Bind the new spice, cinnamon, bay spice, unpeeled garlic and cumin in a spice bag (**). Heat the clear soup in a saucepan, add the diced onion, chickpeas, celery and carrot slices, the spice bag and the Parmesan rind and cook for ten to fifteen minutes. Remove the spice bag and the Parmesan rind one more time.
Remove 1/3 of the soup mixture with a skimmer. Stir the mascarpone into the soup and finely blend the soup with a hand blender. Add the vegetables one more time and season the soup with salt and cayenne pepper.

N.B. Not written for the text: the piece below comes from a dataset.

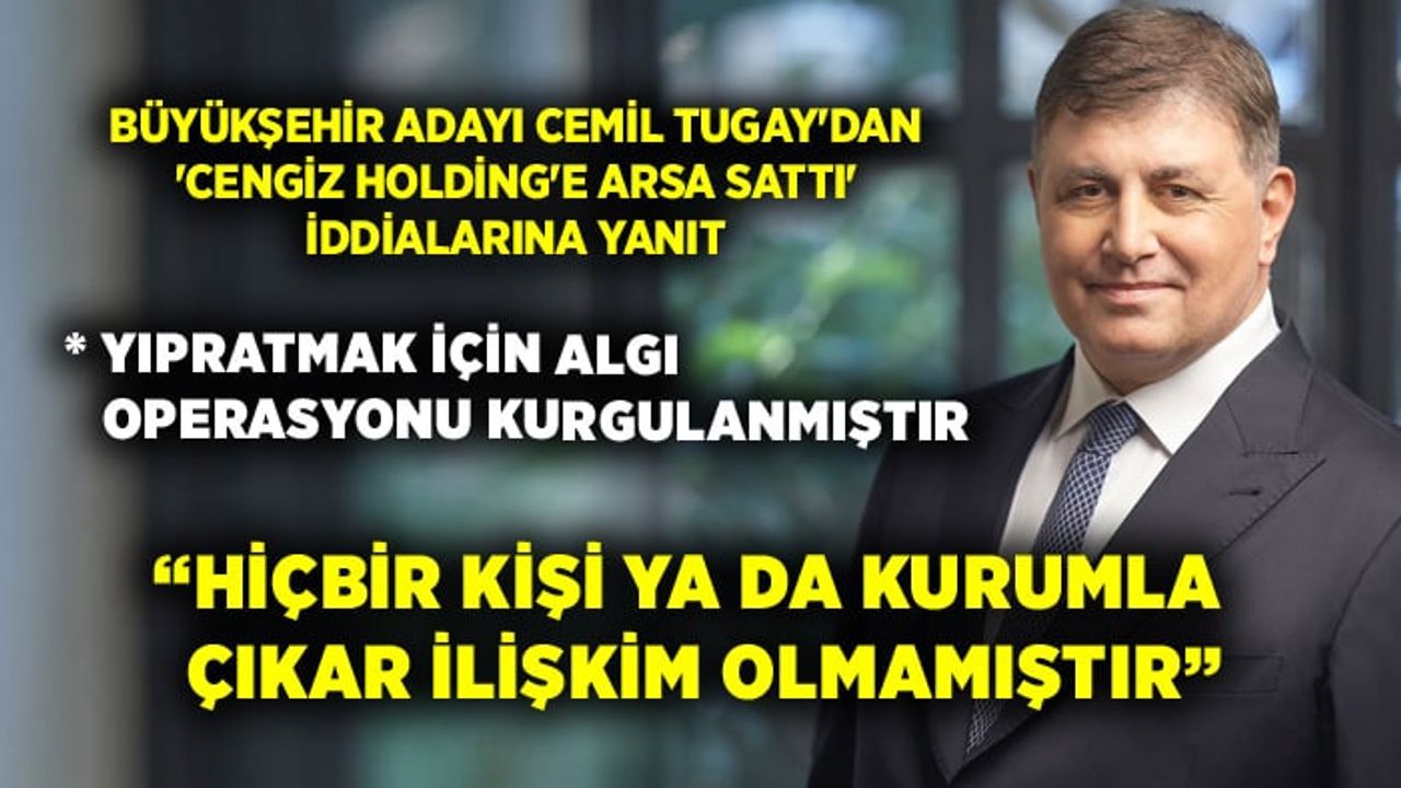 Cemil Tugay, İzmir Büyükşehir Belediye Başkan Adayı olarak gösterilmesi nedeniyle, "Art niyetli olduğu herkesçe bilinen çeşitli çevrelerce ortaya atılıp daha sonra kamuoyuna yayılan bir bilgi kirliliği nedeniyle açıklama yapma zarureti doğmuştur." dedi

To serve, toast the salsicce in a frying pan in the olive oil over low heat on all sides, slice diagonally and divide evenly among preheated soup plates. Pour the chickpea soup over it Form and grind pepper coarsely over it.

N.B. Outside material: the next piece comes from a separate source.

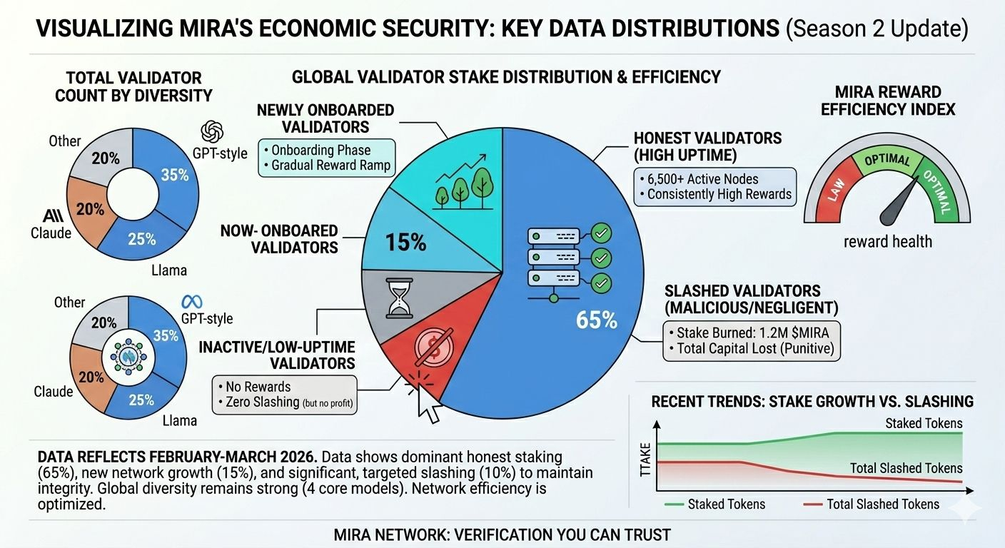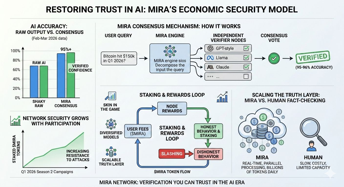 But the part that really gets me excited and a bit protective, if I’m honest is how they keep everyone playing fair with their economic security model. It’s not some idealistic “everyone’s honest” dream; it’s built on cold, hard incentives that mirror how people actually behave. Users pay a fee in Mira tokens to get stuff verified (kinda like tipping for reliability), and that money flows to the node operators doing the work. To join as a node, though, you have to stake MIRA put real skin in the game. If you’re lazy, guessing randomly, or trying to push biased junk, the network spots patterns (like too many deviations from the group or suspiciously lucky random hits), and slash your stake gets burned. Poof. Makes cheating way more expensive than just doing the job right.

(*) If you cook the soup with dried chickpeas, they must be soaked covered with water for one night and then cooked until soft in about three hours. Then process as described above. For the 700g canned chickpeas, you will need 350g dried chickpeas.
(**) Spice bags are used when you have several spices that should be repeatedly removed from the dish. In the past, the spices were tied in a piece of gauze cloth. Today, it is more common to use disposable tea filters that are closed with a clip, or tea eggs.